PROBLEM TO WORK ON: Return only the lines below starting at the line containing "A dry tree branch" and ending at the line containing "and french fries!", both included, exactly as they are and with no pictures.

SUPPLIED DATA:
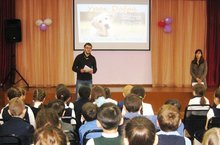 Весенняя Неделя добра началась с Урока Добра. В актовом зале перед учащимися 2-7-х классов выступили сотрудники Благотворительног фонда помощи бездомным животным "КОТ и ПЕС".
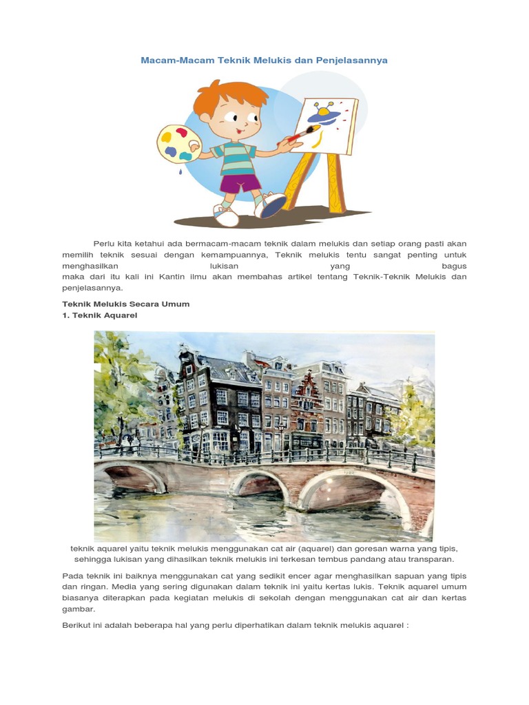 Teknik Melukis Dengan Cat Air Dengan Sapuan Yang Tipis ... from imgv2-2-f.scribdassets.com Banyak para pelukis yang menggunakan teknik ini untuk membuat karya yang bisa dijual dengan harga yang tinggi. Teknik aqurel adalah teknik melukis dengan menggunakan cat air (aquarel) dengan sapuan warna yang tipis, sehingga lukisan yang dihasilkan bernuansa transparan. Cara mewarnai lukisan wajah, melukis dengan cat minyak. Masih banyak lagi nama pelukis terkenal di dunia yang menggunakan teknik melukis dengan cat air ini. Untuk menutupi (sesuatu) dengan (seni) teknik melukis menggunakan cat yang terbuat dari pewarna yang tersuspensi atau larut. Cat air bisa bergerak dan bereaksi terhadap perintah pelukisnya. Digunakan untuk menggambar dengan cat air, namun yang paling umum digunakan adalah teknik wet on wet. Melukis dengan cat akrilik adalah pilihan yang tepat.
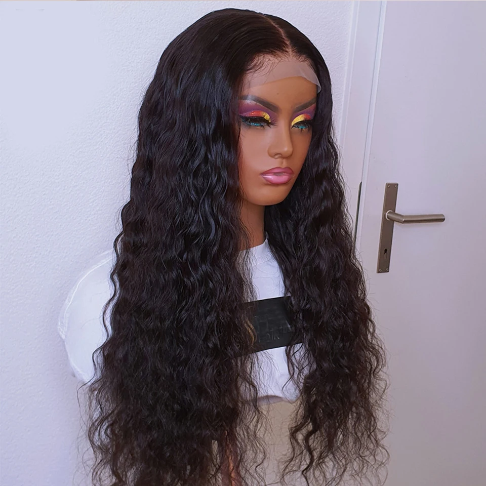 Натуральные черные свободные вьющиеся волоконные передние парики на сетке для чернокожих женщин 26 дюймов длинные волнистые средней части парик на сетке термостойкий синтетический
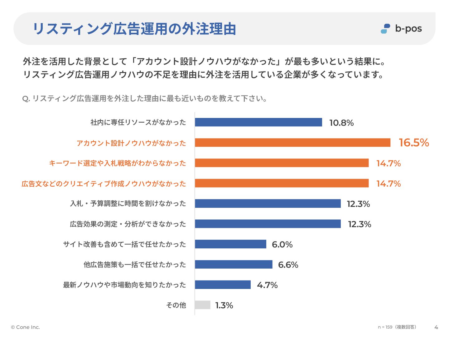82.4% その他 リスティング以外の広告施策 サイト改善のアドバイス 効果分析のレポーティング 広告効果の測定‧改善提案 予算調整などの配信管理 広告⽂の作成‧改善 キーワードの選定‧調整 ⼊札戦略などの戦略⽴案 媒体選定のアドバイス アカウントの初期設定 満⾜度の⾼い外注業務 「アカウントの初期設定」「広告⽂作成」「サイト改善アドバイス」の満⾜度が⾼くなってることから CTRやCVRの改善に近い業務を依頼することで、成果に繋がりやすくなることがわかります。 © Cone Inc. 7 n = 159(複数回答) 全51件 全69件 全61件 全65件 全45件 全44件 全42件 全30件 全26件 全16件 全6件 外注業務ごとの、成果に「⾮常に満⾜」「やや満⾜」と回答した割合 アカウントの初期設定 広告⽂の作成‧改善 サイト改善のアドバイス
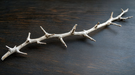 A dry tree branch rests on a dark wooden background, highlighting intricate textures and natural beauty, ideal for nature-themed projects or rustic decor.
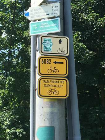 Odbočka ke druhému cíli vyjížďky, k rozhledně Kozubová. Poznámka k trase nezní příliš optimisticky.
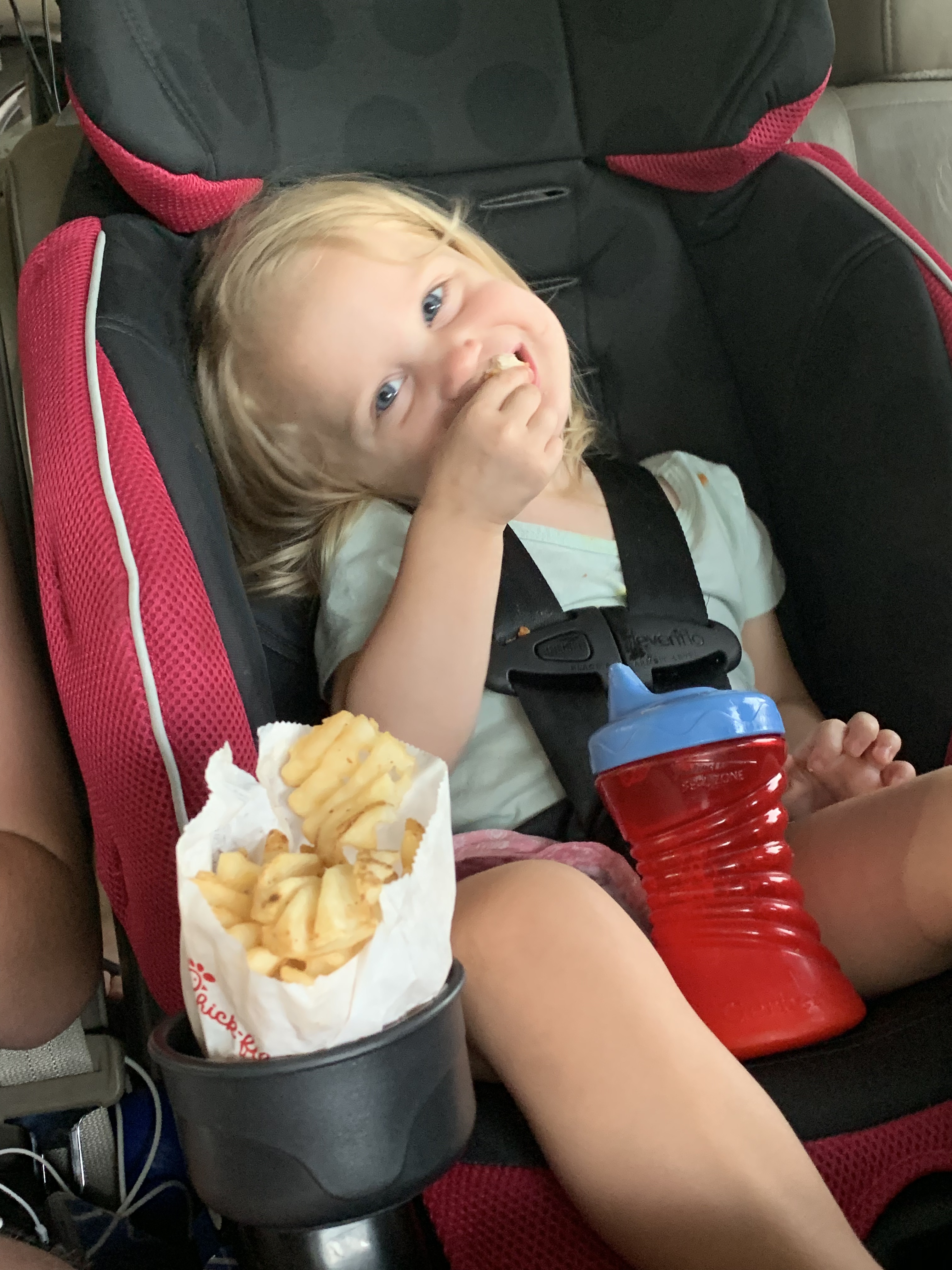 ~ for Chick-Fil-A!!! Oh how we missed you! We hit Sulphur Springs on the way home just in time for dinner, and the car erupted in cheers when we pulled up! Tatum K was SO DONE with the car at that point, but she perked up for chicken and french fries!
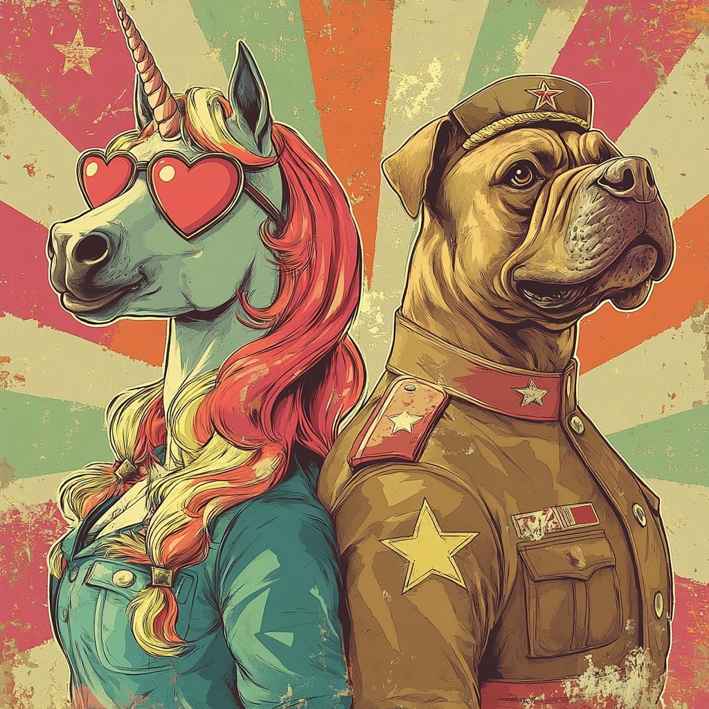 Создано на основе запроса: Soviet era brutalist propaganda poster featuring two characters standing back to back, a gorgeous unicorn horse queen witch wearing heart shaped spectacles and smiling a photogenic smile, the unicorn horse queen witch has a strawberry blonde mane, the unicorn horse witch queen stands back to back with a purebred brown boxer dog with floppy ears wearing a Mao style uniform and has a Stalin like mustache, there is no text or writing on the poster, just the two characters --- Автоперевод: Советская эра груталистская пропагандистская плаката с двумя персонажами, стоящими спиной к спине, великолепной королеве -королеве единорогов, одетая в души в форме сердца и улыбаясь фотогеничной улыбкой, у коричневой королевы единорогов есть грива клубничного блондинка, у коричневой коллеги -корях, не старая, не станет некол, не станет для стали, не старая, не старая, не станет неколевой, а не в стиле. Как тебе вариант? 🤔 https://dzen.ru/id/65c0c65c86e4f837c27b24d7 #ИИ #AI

TASK RESULT:
 A dry tree branch rests on a dark wooden background, highlighting intricate textures and natural beauty, ideal for nature-themed projects or rustic decor.
 Odbočka ke druhému cíli vyjížďky, k rozhledně Kozubová. Poznámka k trase nezní příliš optimisticky.
 ~ for Chick-Fil-A!!! Oh how we missed you! We hit Sulphur Springs on the way home just in time for dinner, and the car erupted in cheers when we pulled up! Tatum K was SO DONE with the car at that point, but she perked up for chicken and french fries!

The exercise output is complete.